By comparison, Montgomery County houses lost about 12.7 percent of their value last year, declining slightly less than the state average of 17.1 percent.
Because properties are assessed every three years — with one-third of the houses in the counties assessed each year — the most recent assessments were the properties’ second since the recession began. For most places, that meant smaller drops in value.
| Change in home values | |||||
| 2007 | 2008 | 2009 | 2010 | 2011 | |
| Montgomery | 14.6% | -16.3% | -19.4% | -17.4% | -12.7% |
| Prince George’s | 48.9% | 6.7% | -26.7% | -35% | -36.5% |
| Maryland average | 32.5% | -3.4% | -19.7% | -21.9% | -17.1% |
| Source: Maryland State Department of Assessments and Taxation | |||||
But the plunge in Prince George’s County is not surprising, because about 80 percent of home sales last year were foreclosures or short sales, said Robert Young, director of the Maryland State Department of Assessment and Taxation.
Prince George’s is still at the bottom of the market cycle, said John McClain, deputy director of George Mason University’s Center for Regional Analysis. The county can expect the housing market to begin stabilizing when the foreclosure process has finished.
Montgomery County’s housing market, however, is beginning to stabilize, which is why the county saw a smaller decline in 2011 than the year before, he said. “Recovery has begun in some parts of the county, but not all parts of the county.”
Some houses in Montgomery County lost more than 20 percent of their value while others gained 5 percent, said Marie Green, supervisor of assessments for the county. Still others remained flat.
Despite declining home values, residents may not see much of a decrease in their tax bills this year, and some may even see an increase, Young said.
Because the state’s homestead tax credit limits the amount that the taxable portion of a resident’s property can increase each year, longtime residents have been paying taxes only on a small fraction of the assessed value of their homes.
For example, Prince George’s County Supervisor of Assessments Joseph Hensley described a man whose house was valued at $430,000 in 2008 but has since dropped to $380,000. Since he was taxed on less than $200,000 last year as a result of the tax credit, though, his taxable assessment value will continue to rise until it catches up with his full assessed home value.
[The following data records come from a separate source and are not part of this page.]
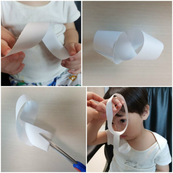 하나는 꼬지 않고 그대로, 두 번째 종이는 한 쪽 끝을 한 번 뒤집어서,
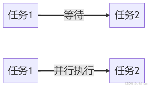 - 异步模式下,任务1和任务2可以并行执行,彼此之间相互独立,不需要等待对方的完成。这种并行执行的方式称为异步。
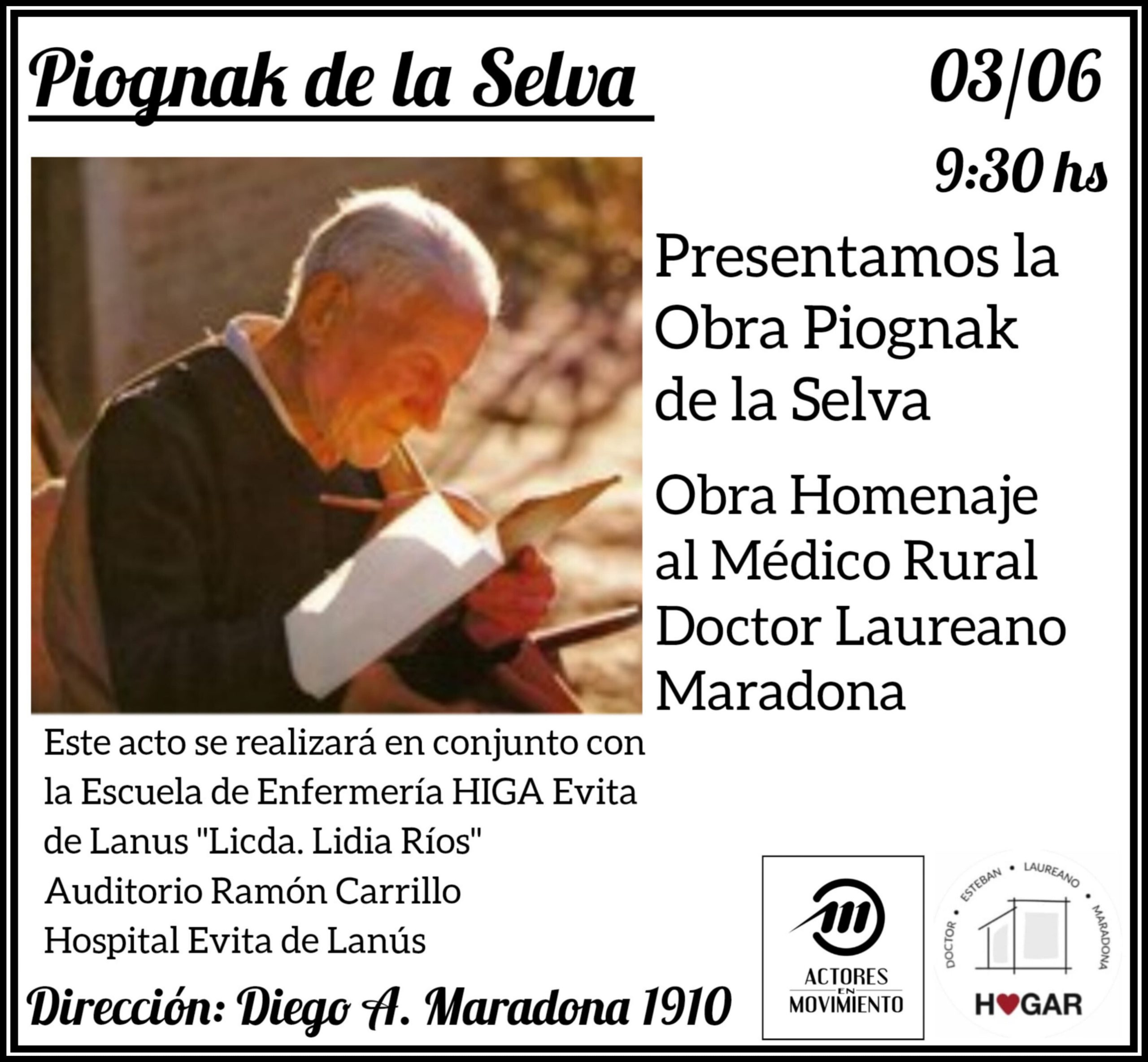 La compañía teatral Actrices y Actores en Movimiento presenta «Piognak de la selva», una obra que recorre la vida y obra del doctor Laureano Maradona, pionero de la medicina rural en Argentina. Con música en vivo, esta producción teatral destaca los valores de amor al prójimo y austeridad que Maradona predicó con su ejemplo.

Prince George’s will hold its tax rate at 96 cents per $100 of property value, according to Thomas Himler, the county’s deputy chief administrator for budget, finance and administration.
Montgomery County Executive Ike Leggett has not announced whether he intends to raise the tax rate in fiscal 2013, said Joe Beach, director of the county’s Department of Finance. A fiscal plan presented in December, however, assumed that the county would stay at the legal limit, which assumes a 3.3-percent increase in the portion of the county’s revenue that comes from property taxes.